WHAT YOU ARE ASKED TO DO. Of the entries below, return exactly those lines that fall between the one containing "Promote Relaxation: These" and the one containing "名品である『こどもビームス』", the two end lines included.

Data items:
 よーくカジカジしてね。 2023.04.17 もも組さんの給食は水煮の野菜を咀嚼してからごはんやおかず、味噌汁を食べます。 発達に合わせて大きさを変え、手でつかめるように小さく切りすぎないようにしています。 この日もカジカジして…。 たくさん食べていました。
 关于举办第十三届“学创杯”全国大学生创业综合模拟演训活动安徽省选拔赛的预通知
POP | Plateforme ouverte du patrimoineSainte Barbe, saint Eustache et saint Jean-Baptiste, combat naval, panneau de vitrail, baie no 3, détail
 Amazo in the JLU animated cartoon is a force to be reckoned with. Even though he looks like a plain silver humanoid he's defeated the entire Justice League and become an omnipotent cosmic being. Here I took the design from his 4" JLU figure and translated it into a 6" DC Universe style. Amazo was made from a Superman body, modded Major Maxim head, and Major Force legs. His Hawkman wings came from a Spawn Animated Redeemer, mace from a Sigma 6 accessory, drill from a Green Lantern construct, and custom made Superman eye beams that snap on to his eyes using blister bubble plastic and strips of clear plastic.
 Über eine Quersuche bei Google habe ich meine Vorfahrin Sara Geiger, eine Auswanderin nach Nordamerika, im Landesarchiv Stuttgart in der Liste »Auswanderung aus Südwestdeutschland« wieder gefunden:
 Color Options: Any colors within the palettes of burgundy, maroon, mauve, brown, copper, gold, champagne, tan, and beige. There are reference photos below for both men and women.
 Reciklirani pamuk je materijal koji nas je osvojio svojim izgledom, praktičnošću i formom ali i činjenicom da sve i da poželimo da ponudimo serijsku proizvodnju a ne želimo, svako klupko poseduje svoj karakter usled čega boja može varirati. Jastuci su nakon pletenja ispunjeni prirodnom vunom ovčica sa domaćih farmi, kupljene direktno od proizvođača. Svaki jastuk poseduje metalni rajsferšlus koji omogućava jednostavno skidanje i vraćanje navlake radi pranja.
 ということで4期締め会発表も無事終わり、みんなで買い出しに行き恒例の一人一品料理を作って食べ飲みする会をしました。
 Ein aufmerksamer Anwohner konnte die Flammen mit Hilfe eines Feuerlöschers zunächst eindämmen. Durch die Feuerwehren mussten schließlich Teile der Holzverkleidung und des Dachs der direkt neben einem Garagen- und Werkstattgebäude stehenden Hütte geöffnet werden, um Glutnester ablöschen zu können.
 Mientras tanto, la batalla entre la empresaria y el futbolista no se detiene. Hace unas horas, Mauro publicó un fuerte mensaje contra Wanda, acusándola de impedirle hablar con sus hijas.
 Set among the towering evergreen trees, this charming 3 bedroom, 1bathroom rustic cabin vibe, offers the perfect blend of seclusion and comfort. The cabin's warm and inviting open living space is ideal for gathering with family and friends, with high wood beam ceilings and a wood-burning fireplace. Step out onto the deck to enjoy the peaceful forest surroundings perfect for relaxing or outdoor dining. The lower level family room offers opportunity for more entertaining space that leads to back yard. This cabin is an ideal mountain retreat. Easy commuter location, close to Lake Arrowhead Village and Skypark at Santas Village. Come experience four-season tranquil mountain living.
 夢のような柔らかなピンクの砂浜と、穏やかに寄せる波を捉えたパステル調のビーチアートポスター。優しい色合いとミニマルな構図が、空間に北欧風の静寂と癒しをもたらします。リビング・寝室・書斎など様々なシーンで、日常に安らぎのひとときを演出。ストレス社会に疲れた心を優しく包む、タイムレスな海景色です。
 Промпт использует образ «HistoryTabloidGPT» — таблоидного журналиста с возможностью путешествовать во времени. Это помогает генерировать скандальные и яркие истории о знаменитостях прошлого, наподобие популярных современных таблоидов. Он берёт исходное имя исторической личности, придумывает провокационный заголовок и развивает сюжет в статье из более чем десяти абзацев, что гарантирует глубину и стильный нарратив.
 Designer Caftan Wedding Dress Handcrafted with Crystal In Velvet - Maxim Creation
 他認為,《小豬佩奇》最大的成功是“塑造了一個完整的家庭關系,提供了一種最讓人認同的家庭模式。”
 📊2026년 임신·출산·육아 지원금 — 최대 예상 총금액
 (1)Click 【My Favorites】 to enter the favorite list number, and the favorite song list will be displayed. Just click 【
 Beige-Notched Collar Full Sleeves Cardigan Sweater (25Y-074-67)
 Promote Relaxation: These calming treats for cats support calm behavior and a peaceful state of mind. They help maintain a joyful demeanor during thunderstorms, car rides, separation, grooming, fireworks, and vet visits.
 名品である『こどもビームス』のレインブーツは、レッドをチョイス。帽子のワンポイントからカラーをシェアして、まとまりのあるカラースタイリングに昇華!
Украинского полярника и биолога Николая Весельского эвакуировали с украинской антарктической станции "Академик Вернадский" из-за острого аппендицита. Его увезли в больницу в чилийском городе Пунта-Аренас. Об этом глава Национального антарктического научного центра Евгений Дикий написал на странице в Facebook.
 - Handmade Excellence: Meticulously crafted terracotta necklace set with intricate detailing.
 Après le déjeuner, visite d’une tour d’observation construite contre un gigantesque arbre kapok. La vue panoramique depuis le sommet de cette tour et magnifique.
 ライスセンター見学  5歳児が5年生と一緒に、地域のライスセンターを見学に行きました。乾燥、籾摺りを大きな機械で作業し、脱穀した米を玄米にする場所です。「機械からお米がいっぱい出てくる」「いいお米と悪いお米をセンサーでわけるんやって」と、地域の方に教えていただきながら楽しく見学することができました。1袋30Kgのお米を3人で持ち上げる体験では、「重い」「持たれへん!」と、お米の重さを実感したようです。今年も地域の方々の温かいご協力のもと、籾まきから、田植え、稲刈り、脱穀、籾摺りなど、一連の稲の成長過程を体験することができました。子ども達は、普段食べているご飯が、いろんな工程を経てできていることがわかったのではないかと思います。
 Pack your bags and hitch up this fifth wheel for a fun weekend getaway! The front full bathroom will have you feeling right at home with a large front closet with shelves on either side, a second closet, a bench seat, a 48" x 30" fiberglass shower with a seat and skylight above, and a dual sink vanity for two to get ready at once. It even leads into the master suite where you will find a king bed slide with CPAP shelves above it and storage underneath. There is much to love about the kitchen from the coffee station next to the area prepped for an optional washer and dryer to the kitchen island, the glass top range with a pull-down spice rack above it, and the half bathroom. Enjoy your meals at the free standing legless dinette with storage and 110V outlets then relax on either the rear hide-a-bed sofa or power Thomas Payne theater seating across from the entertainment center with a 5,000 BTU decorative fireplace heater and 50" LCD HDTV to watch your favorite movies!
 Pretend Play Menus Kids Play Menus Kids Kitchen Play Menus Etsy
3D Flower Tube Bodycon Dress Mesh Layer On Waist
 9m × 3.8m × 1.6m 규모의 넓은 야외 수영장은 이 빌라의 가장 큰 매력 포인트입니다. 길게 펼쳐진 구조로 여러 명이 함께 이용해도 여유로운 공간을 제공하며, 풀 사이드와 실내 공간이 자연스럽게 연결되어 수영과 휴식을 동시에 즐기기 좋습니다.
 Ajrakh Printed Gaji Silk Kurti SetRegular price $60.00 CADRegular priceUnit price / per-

YOUR SOLUTION.
 Promote Relaxation: These calming treats for cats support calm behavior and a peaceful state of mind. They help maintain a joyful demeanor during thunderstorms, car rides, separation, grooming, fireworks, and vet visits.
 名品である『こどもビームス』のレインブーツは、レッドをチョイス。帽子のワンポイントからカラーをシェアして、まとまりのあるカラースタイリングに昇華!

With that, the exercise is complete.